Coronavirus Civility: How to Avoid Incivility During the Virus Outbreak

One of the best lessons I learned serving twenty years in the Air Force was to be proactive, calm, and be prepared for emergencies of all types. It has helped me very well in many of life’s demands. I began to prepare for the possibility of the

coronavirus when it was first internationally broadcasted to the world. It got my attention! Since I trained as a basic herbalist, I like to make some of my own products since I know what’s in them.

Many holistic practitioners tout natural products for their abilities to acts as antioxidants, natural antibiotics, and their antimicrobial properties. I have made my own hand sanitation and even made elderberry syrup to boost my own immune system. If you decide to make your own products, please use reputable articles, books, or experts because the internet articles are not always factual. I also encourage you to speak to health professionals to seek their guidance.

Yesterday, I found the last bottle of rubbing alcohol in one of my local retail stores. I almost missed seeing it because I am tall, and the single bottle of alcohol was on a shelf way below my waistline and far on the backside. It was out of my view, but I found it! As I went to the cashier’s line to purchase it, I wondered how many others were looking for rubbing alcohol and other staples so they could feel more at peace about this virus. Some people get very emotional when they are stressed about things out of their control.

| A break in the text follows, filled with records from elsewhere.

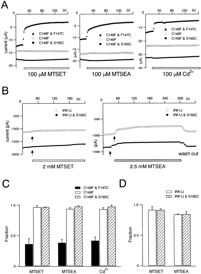 Figure 13. . Accessibility of S165C by cys-modifying reagents from extracellular and intracellular sides. (A) Currents recorded under two-electrode voltage clamp from Xenopus oocytes. The effects of either 100 μM MTSET, 100 μM MTSEA, or 100 μM Cd2+ were shown. The symbols are (○), C149F (negative control); (▴), C149F & F147C (positive control); and (•), C149F & S165C. Test pulses for 100 ms were given every 2 s to −130 mV from a holding potential of −30 mV, and current amplitudes were measured at 50 ms from the onset of each test pulse. (B) Currents recorded from transfected HEK293T cells under inside-out patch clamp. The effects of 2 mM MTSET or 2.5 mM MTSEA were analyzed. Test pulses for 200 ms were given every 3 s to −120 mV from a holding potential of −50 mV, and current amplitudes were measured at 100 ms from the onset of each test pulse. (C and D) Fractions of the residual current amplitudes after application of cys-modifying reagents from extracellular side at 120 s (C) and from intracellular side at 180 s (D). The values of means ± SD (n = 4) are shown. |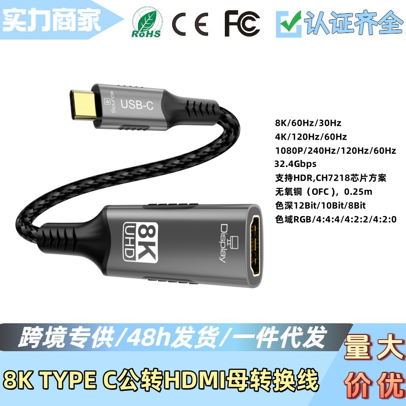 8K30Hz高清转换器 Type-C公转HDMI母 2.1版视频转换线 支持手机平
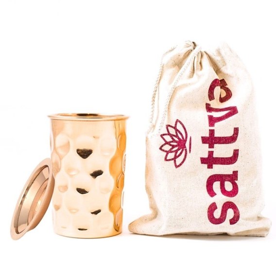 KUBEK MIEDZIANY DIAMOND Z POKRYWKĄ 350 ml - SATTVA (AYURVEDA)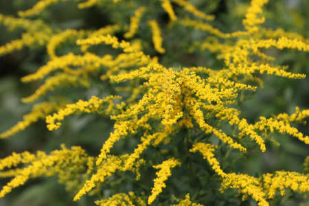 Yellow goldenrod flowers in summer park. Solidago plant.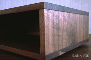 戸山家具にお願いしていた共鳴箱の製品版1号機(「本番機」という呼び方は、何が「本番」なのか分からないので、やめました)が、出来上がりました。待ちきれなくて、納期より数日前お電話したら、「まだです」と言われてしまいました。(出来上がったのは10月に入ってからですが、写真や録音設定の都合で掲載が遅くなりました。) 本当は、(研究という意味で)職人の方にも音の違いを体感していただきたくて、平日の昼間にお邪魔しようと思っていたのですが、休みが取れなかったため、土曜のお店が空いている閉店間際に伺いました。 「もう出来てますから、こちらへ」と、いつも応対して下さるWさんに案内され、\1,000万のウオールナットの一枚板でできたテーブルのある社内の会議室に通されます。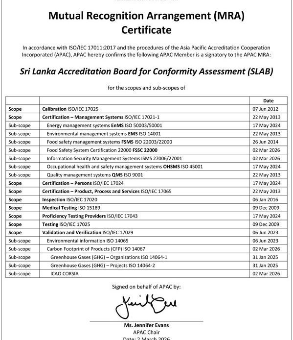 A signatory to Mutual Recognition Arrangement (MRA) of ILAC for: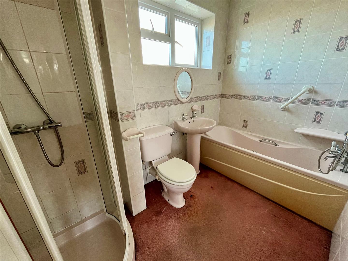 Suite of bath, basin, WC and shower cubicle. Window to the rear elevation. Radiator.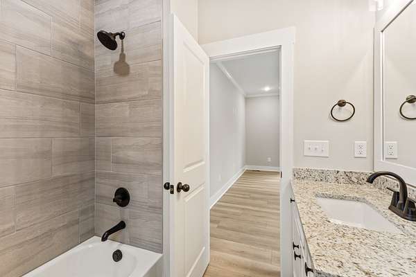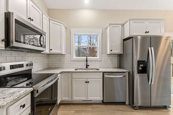 The kitchen is thoughtfully designed with wood-wrapped cabinetry, sleek granite countertops, and tile backsplashes, offering both durability and timeless appeal. Luxury vinyl plank (LVP) flooring runs throughout the home, combining style with low-maintenance living.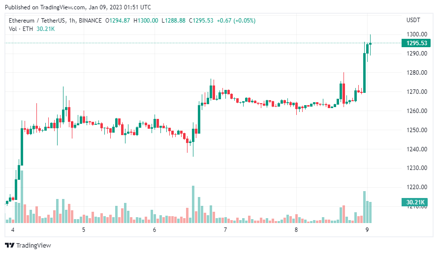 Ethereum thành công trụ vững $ 1.250 và hiện đang tiến sát đến ngưỡng $ 1.300 với mức tăng 2,5% trong ngày. Hiện token hợp đồng thông minh lớn nhất thị trường đang được giao dịch quanh $ 1.295.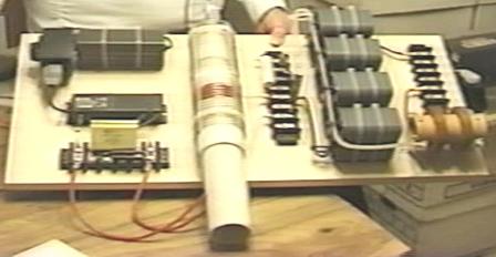 Russ, in seiner Diskussion, weist darauf hin, dass auf den meisten der überlebenden Prototypen Stans, die Spule, die für die Beschleunigung verwendet wird aufgebaut ist mit mehreren scheinbar getrennten Spulen, und er spekuliert, dass jede Spule Abschnitt sequentiell betrieben, was zu einer plätschernden Magnetfeld. Das ist zwar durchaus möglich, ich sehe nicht, dass eine Art von Spule Versorgung würde keinen Vorteil haben, wie dem Einschalten alle Spulen kontinuierlich entgegen. Wenn jedoch sequentiellen Einschalten wird angenommen, dass ein Vorteil sein, dann die "Division-durch-N"-Schaltung von Kapitel 12 kann verwendet werden, um die sequentielle Stromversorgung oder mehr komplexe Sequenz bereitzustellen.
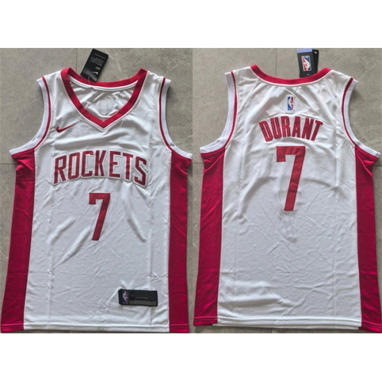 >Men Houston Rockets 7 Kevin Durant White 2025 Association Edition Stitched Jersey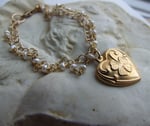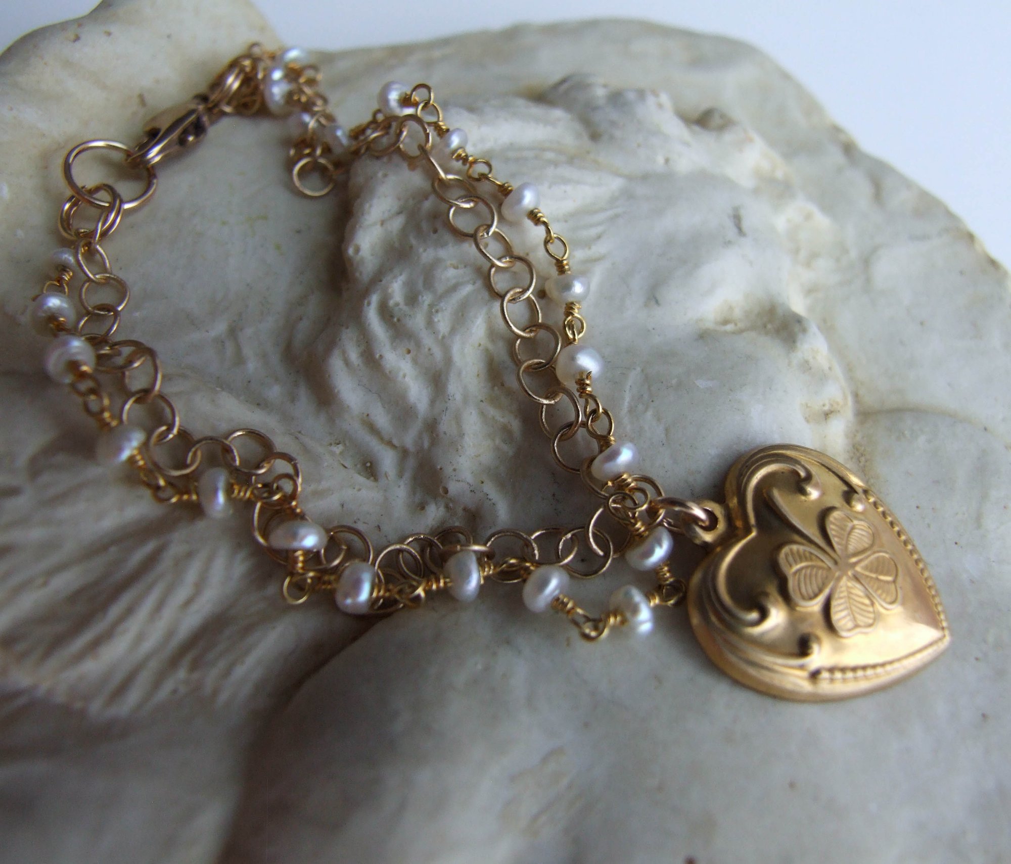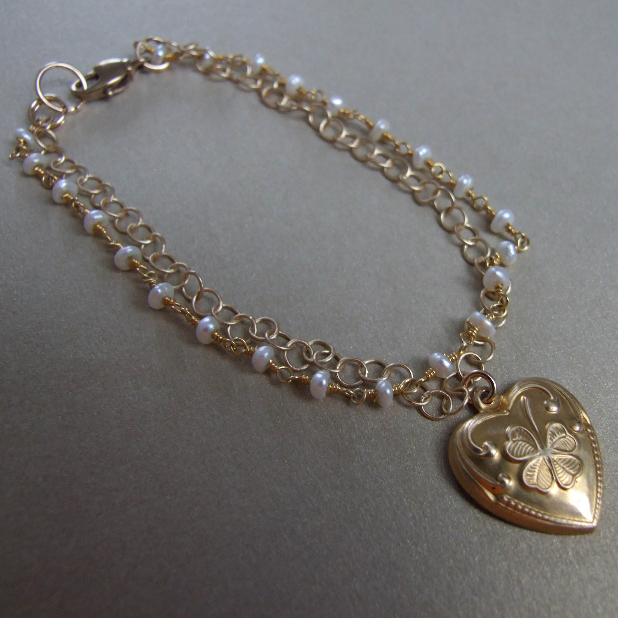 A pretty vintage brass good luck shamrock heart hangs from a double strand bracelet of tiny freshwater pearls and fine gauge brass chain. Finished with a brass lobster clasp. Length is 7”.

I like to take “control” of as much of my life as possible on necessary issues. For example, I tend to avoid crowds and shop first thing in the morning on a weekday. The chaos and over-stimulation of crowds wear me out as a highly sensitive person. I realize its human nature to feel fear or concern about something that could affect everyone one of us to some degree. I find being proactive and preparing early for potential negative issues helps me to avoid frantic, impatient, and aggressive people who are operating out of fear. Once you get in the habit of being “ready” for potential problems that may arise in your life—you too may feel more at peace, like I do.